In most cases, data should be serialized as a pprox collection rather than as individual pproc objects. Collection contents should reflect the structure of the experiment and minimize the amount of duplicated metadata.

However, in applications where data need to be streamed (e.g., live visualization of ongoing acquisition), serialization protocols that have enclosing delimiters (like JSON) cannot be used. One solution is to use a format like YAML or ZPL. Another solution is to send top-level metadata separately and then stream individual pproc objects.

Licence

Copyright (c) 2016-2018 C Daniel Meliza.

This Specification is free software; you can redistribute it and/or modify it under the terms of the GNU General Public License as published by the Free Software Foundation; either version 3 of the License, or (at your option) any later version.

This Specification is distributed in the hope that it will be useful, but WITHOUT ANY WARRANTY; without even the implied warranty of MERCHANTABILITY or FITNESS FOR A PARTICULAR PURPOSE. See the GNU General Public License for more details.

You should have received a copy of the GNU General Public License along with this program; if not, see http://www.gnu.org/licenses.

Change Process

This Specification is a free and open Consensus-Oriented Specification System (COSS).

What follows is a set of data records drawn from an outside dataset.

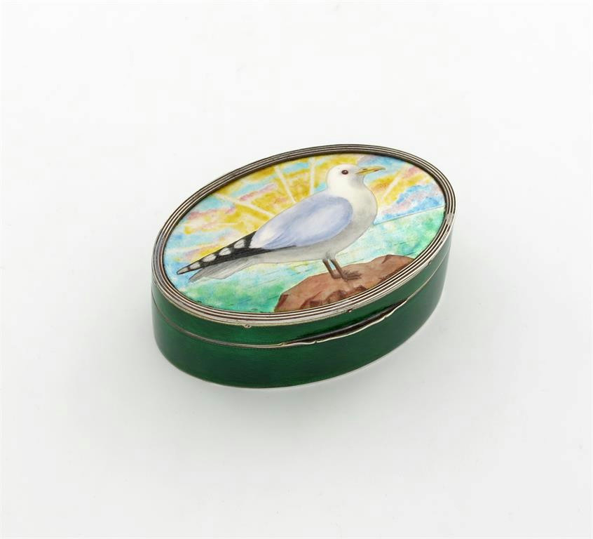 oval form, the hinged cover enamelled with a seagull on a rock, with a seascape behind, green enamelled sides, length 9.3cm.
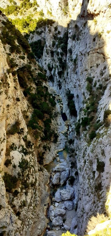 Ce serait un peu dommage de s’en contenter mais comme premier regard, c’est déjà absolument incroyable de parfois recevoir un éclat de l’eau scintillante et claire dans son rétroviseur, de suivre les méandres de la roche à sa fenêtre, tout en se préservant (à tort) de l’immense sensation de vertige qu’offre la marche à pied.
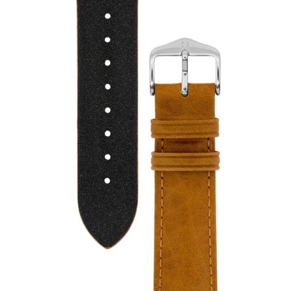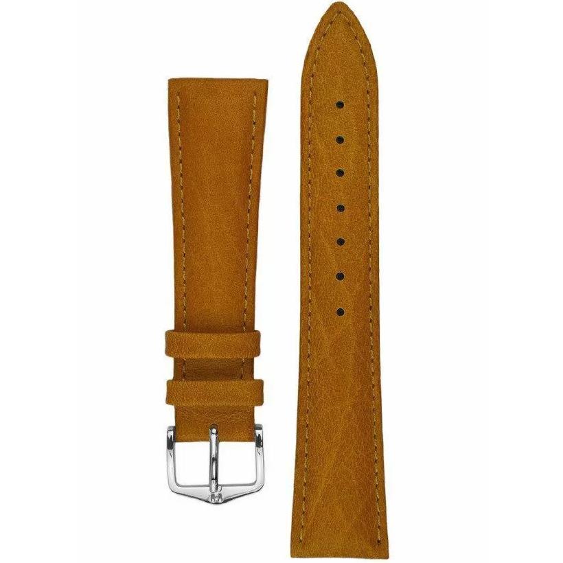 بند ساعت مچی هرش HIRSCH از جنس چرم با رنگ قهوه ای و طرح ساده و سگک نقره ای به همراه گارانتی اصالت کالا
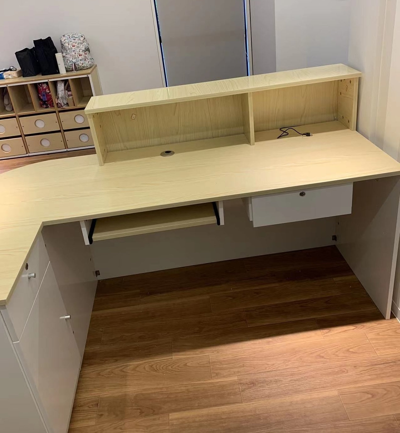 We recently completed a custom reception counter project for a boutique artisan workshop in Sydney. The design perfectly balances artistic aesthetics with functional workspace requirements, featuring a harmonious blend of natural wood tones and modern white finishes.
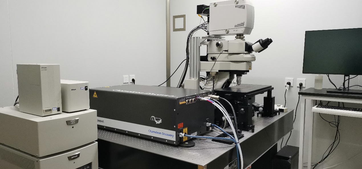 1. 双光子光源: 双飞秒红外脉冲激光器, 具有双波长同时输出(主可调输出为680 - 1300 nm/1.4W @ 800 nm,辅助固定输出为1040 nm /1.5W)

Version numbering is semantic. Changes that maintain backwards compatibility (i.e., that do not change or remove any required fields and attributes) result in increments to the minor version. Changes that break backwards compatibility must receive new major version numbers. Changes that significantly alter the goals of the specification must result in a new identifier, preferably with a reference to the version of this document at the time of the fork.

Language

The key words “MUST”, “MUST NOT”, “REQUIRED”, “SHALL”, “SHALL NOT”, “SHOULD”, “SHOULD NOT”, “RECOMMENDED”, “MAY”, and “OPTIONAL” in this document are to be interpreted as described in RFC 2119.